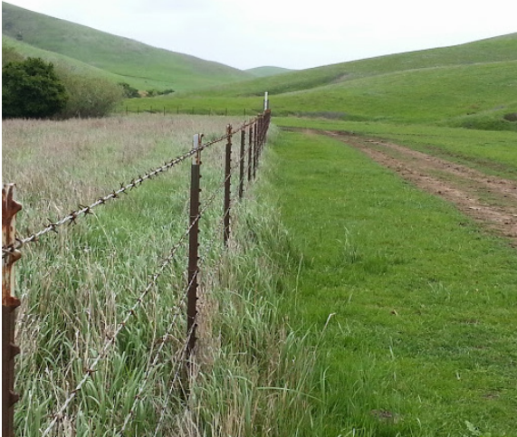
Photo P3.1 Mowing fence lines allows for easy access for repairs and maintenance.

linking to an alternative water source, consult the experts. Any piping crossing streams must be buried, and trenching associated with this must be a minimum of three feet deep to ensure that scour does not eventually reach the surface of the pipeline (NRCS 2007). In general, increasing the number of places livestock have access to water reduces overgrazing near one water source (Bush 2006).
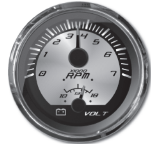
Scale may vary depending on model.

Use stranded, insulated wire not lighter than 18 AWG. Be certain wire insulation is not in danger of melting from engine or exhaust heat or interfering with moving mechanical parts. It is recommended that insulated wire terminals, preferably ring type be used.
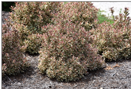
My Monet Weigela

My Monet Weigela makes a fine choice for the outdoor landscape, but it is also well-suited for use in outdoor pots and containers. It is often used as a 'filler' in the 'spiller-thriller-filler' container combination, providing a mass of flowers and foliage against which the thriller plants stand out. Note that when grown in a container, it may not perform exactly as indicated on the tag - this is to be expected. Also note that when growing plants in outdoor containers and baskets, they may require more frequent waterings than they would in the yard or garden.
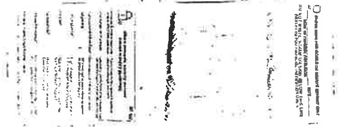
Check # 3166, Posted 01-07-25, Amount 2,000.00
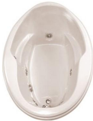
60"x41.5"x21" Shipping weight - 140lbs

Upper body jets can be shut down for operation at lower level
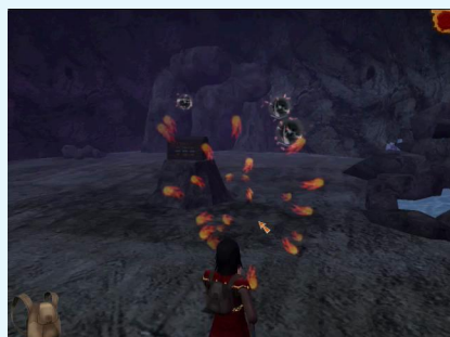
Trailer showing SPARX in action

Video on bmj.com (see also http://bmj.com/video )
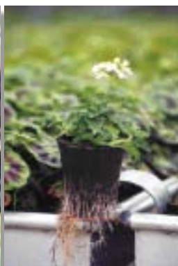
▲ Pélarгонium (Etampes)
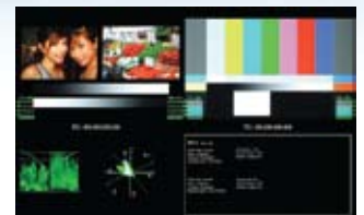
Dual 3 Gb/s Input Display Mode SDI-1, SDI-2, Waveform / Vectorscope, 16 CH Audio Level Meter, VPID & Time Code
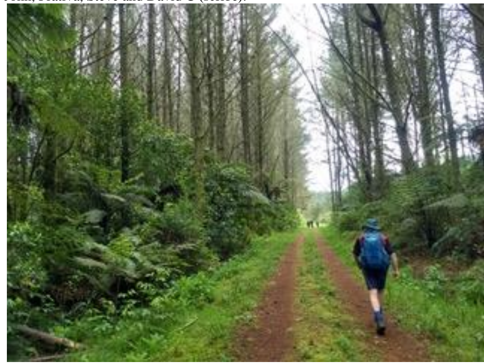
Along the trail

The pleasant prospect of a walk alongside the Waikato River in good company lead to my booking for this trip. The tramp was a 11km section of the Waikato River Trails from Waipapa Dam to the Mangarewa Suspension Bridge and return, a total of 22km. Parking the van at the Waipapa Reserve layby enabled the group of 13 trampers to walk over the Waipapa Dam to the start of the track. The powerhouse is a fine example of 1960s architecture and the sound of rotating turbines leaves an impression. The wide track was conducive to conversation and took us through regenerating native bush with beautiful views of the Waikato River. It took us three hours to reach the Mangarewa Suspension Bridge, 80 metres long and sitting an impressive 42 metres above the Mangarewa Stream. Built in 2011, the bridge is the longest and highest on the Waikato River trails. this was a convenient place for a lunch stop; a picnic table in the sun. Ron delved into the bottom of his pack and retrieved a cake tin with Jacqui's lovely home baking. A buttery slice made with oats and coconut was enjoyed by everyone. The thunder rolled in for the return walk but fortunately the rain held off until the trip home in the van. Overall, this was an enjoyable day out; a special thanks to Ron (leader and driver). The participants were David S, Jeanette, Kathy, Fiona, Lynette, Beatrix, Marion, Jim, John, Prativa, Steve and David C (scribe).
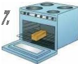
7 bake in oven
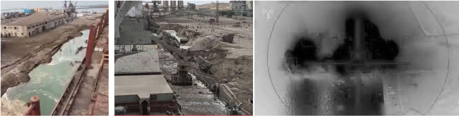
Right: The attack against the Galaxy Leader. In the center and left: The damage caused by the Israeli attack on the port of Hodeidah
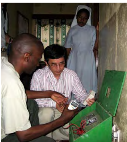
Photo 2: Technical transfer on installation and operation of a data logger
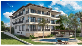
ARTIST RENDERING NEW CONSTRUCTION TO BE BUILT
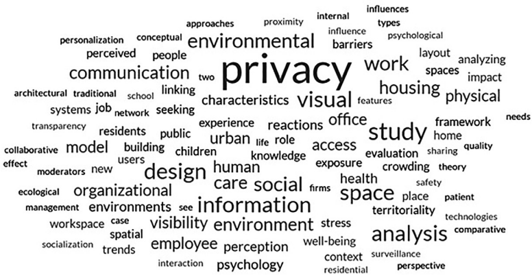
Figure 1. Word Cloud of Most Frequent Words Appearing in Titles of Publications Citing Archea (1977), Based on 85 Web of Science Citations

Clearly, privacy is the primary focus, with other frequent words concerning urban, organizational, housing, employee, work, physical and health environments; concepts and research in terms of visual, spatial, access, exposure, transparency, study, design, analysis, models, evaluation; interactions such as communication, information, knowledge, social; effects such as perceptions, well-being, stress; and a variety of less frequent words. Beyond frequencies, we can look at topics as represented by co-occurrences of primary words across the articles. Output from the Meaning Extraction Helper ( https://www.ryanboyd.io/software/meh/ ; with parameters set for removing stop words, tokenizing words, and using words occurring in at least two article titles) includes a matrix of 61 articles by 112 words. Principal component analysis (SPSS 28; varimax rotation; loadings > .4 but if multiple loadings over .4 , associated the word with its highest loading topic) to this matrix identified 38 factors (or topics) with an initial eigenvalue of greater than 1.0. (I also applied hierarchical cluster analysis to this matrix; however, the resulting dendrogram is too dense for use here, but is available from the author. As a summary, though, the most inclusive clusters included the same core
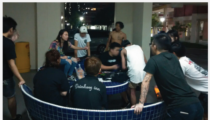
YouthReach workers befriending youths they meet on the streets

Boys' Town continues to evolve, staying relevant to better meet our society's needs.
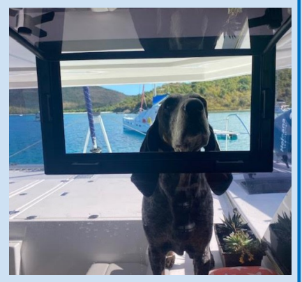
"What's cooking in the galley?"

The word "whelm" actually means to be engulfed or submerged, as if under a wave.
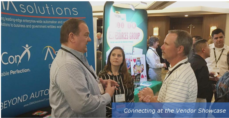
Connecting at the Vendor Showcase
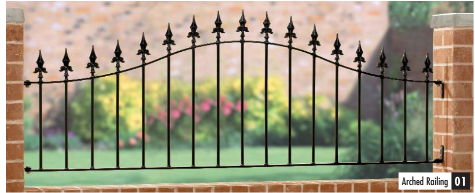
Arched Railing 01

Supplied with fittings pack for screw fixing to brick/timber or a range of metal posts. Panels can be fixed to metal posts using the self-tapping screws supplied with the posts. Height dimension is taken to the highest point.
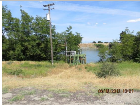
Slant pump on metal pier on WS berm.
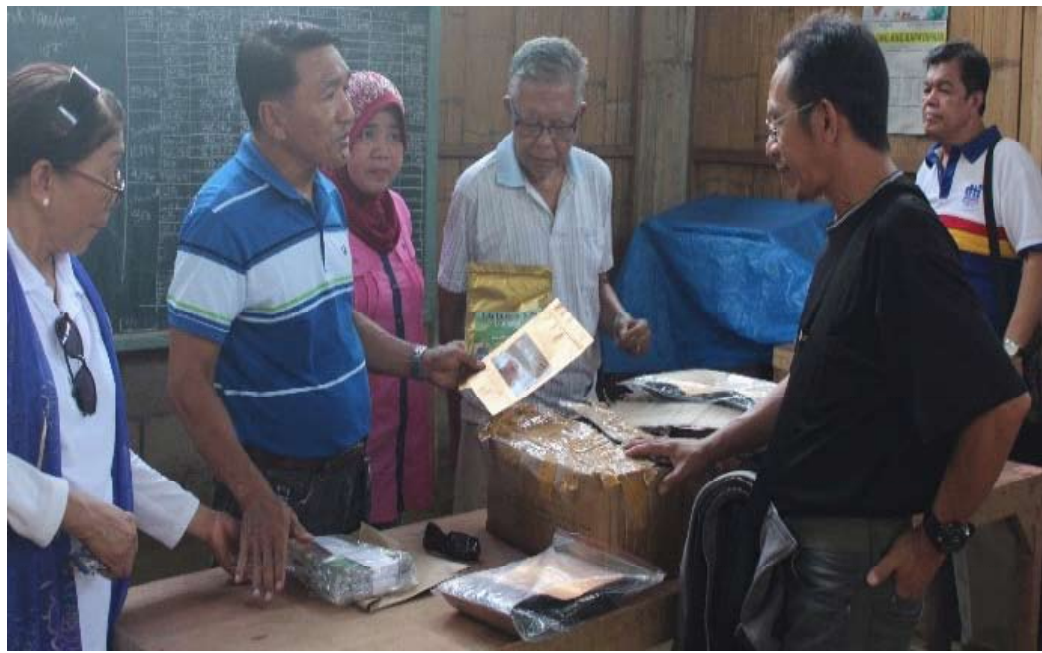
PRODUCT PACKAGING. Coffee packaging materials like label designs, stickers and coffee bags were turned over to members of the KanKitap Consumer Coop and Sulu Coffee Marketing Coop by the coffee industry cluster team recently to begin marketing their local coffee brand Kahawa Sug in coffee shops, grocery stores and trade fairs. Also provided were packaging machines like sealers and weighing scales for coffee growers to do their own packaging.
####################
◆ What you should do
Pictures aside, retype the material exactly.

◆ Response
Photo P3.1 Mowing fence lines allows for easy access for repairs and maintenance.

linking to an alternative water source, consult the experts. Any piping crossing streams must be buried, and trenching associated with this must be a minimum of three feet deep to ensure that scour does not eventually reach the surface of the pipeline (NRCS 2007). In general, increasing the number of places livestock have access to water reduces overgrazing near one water source (Bush 2006).
Scale may vary depending on model.

Use stranded, insulated wire not lighter than 18 AWG. Be certain wire insulation is not in danger of melting from engine or exhaust heat or interfering with moving mechanical parts. It is recommended that insulated wire terminals, preferably ring type be used.
My Monet Weigela

My Monet Weigela makes a fine choice for the outdoor landscape, but it is also well-suited for use in outdoor pots and containers. It is often used as a 'filler' in the 'spiller-thriller-filler' container combination, providing a mass of flowers and foliage against which the thriller plants stand out. Note that when grown in a container, it may not perform exactly as indicated on the tag - this is to be expected. Also note that when growing plants in outdoor containers and baskets, they may require more frequent waterings than they would in the yard or garden.
Check # 3166, Posted 01-07-25, Amount 2,000.00
60"x41.5"x21" Shipping weight - 140lbs

Upper body jets can be shut down for operation at lower level
Trailer showing SPARX in action

Video on bmj.com (see also http://bmj.com/video )
▲ Pélarгонium (Etampes)
Dual 3 Gb/s Input Display Mode SDI-1, SDI-2, Waveform / Vectorscope, 16 CH Audio Level Meter, VPID & Time Code
Along the trail

The pleasant prospect of a walk alongside the Waikato River in good company lead to my booking for this trip. The tramp was a 11km section of the Waikato River Trails from Waipapa Dam to the Mangarewa Suspension Bridge and return, a total of 22km. Parking the van at the Waipapa Reserve layby enabled the group of 13 trampers to walk over the Waipapa Dam to the start of the track. The powerhouse is a fine example of 1960s architecture and the sound of rotating turbines leaves an impression. The wide track was conducive to conversation and took us through regenerating native bush with beautiful views of the Waikato River. It took us three hours to reach the Mangarewa Suspension Bridge, 80 metres long and sitting an impressive 42 metres above the Mangarewa Stream. Built in 2011, the bridge is the longest and highest on the Waikato River trails. this was a convenient place for a lunch stop; a picnic table in the sun. Ron delved into the bottom of his pack and retrieved a cake tin with Jacqui's lovely home baking. A buttery slice made with oats and coconut was enjoyed by everyone. The thunder rolled in for the return walk but fortunately the rain held off until the trip home in the van. Overall, this was an enjoyable day out; a special thanks to Ron (leader and driver). The participants were David S, Jeanette, Kathy, Fiona, Lynette, Beatrix, Marion, Jim, John, Prativa, Steve and David C (scribe).
7 bake in oven
Right: The attack against the Galaxy Leader. In the center and left: The damage caused by the Israeli attack on the port of Hodeidah
Photo 2: Technical transfer on installation and operation of a data logger
ARTIST RENDERING NEW CONSTRUCTION TO BE BUILT
Figure 1. Word Cloud of Most Frequent Words Appearing in Titles of Publications Citing Archea (1977), Based on 85 Web of Science Citations

Clearly, privacy is the primary focus, with other frequent words concerning urban, organizational, housing, employee, work, physical and health environments; concepts and research in terms of visual, spatial, access, exposure, transparency, study, design, analysis, models, evaluation; interactions such as communication, information, knowledge, social; effects such as perceptions, well-being, stress; and a variety of less frequent words. Beyond frequencies, we can look at topics as represented by co-occurrences of primary words across the articles. Output from the Meaning Extraction Helper ( https://www.ryanboyd.io/software/meh/ ; with parameters set for removing stop words, tokenizing words, and using words occurring in at least two article titles) includes a matrix of 61 articles by 112 words. Principal component analysis (SPSS 28; varimax rotation; loadings > .4 but if multiple loadings over .4 , associated the word with its highest loading topic) to this matrix identified 38 factors (or topics) with an initial eigenvalue of greater than 1.0. (I also applied hierarchical cluster analysis to this matrix; however, the resulting dendrogram is too dense for use here, but is available from the author. As a summary, though, the most inclusive clusters included the same core
YouthReach workers befriending youths they meet on the streets

Boys' Town continues to evolve, staying relevant to better meet our society's needs.
"What's cooking in the galley?"

The word "whelm" actually means to be engulfed or submerged, as if under a wave.
Connecting at the Vendor Showcase
Arched Railing 01

Supplied with fittings pack for screw fixing to brick/timber or a range of metal posts. Panels can be fixed to metal posts using the self-tapping screws supplied with the posts. Height dimension is taken to the highest point.
Slant pump on metal pier on WS berm.
PRODUCT PACKAGING. Coffee packaging materials like label designs, stickers and coffee bags were turned over to members of the KanKitap Consumer Coop and Sulu Coffee Marketing Coop by the coffee industry cluster team recently to begin marketing their local coffee brand Kahawa Sug in coffee shops, grocery stores and trade fairs. Also provided were packaging machines like sealers and weighing scales for coffee growers to do their own packaging.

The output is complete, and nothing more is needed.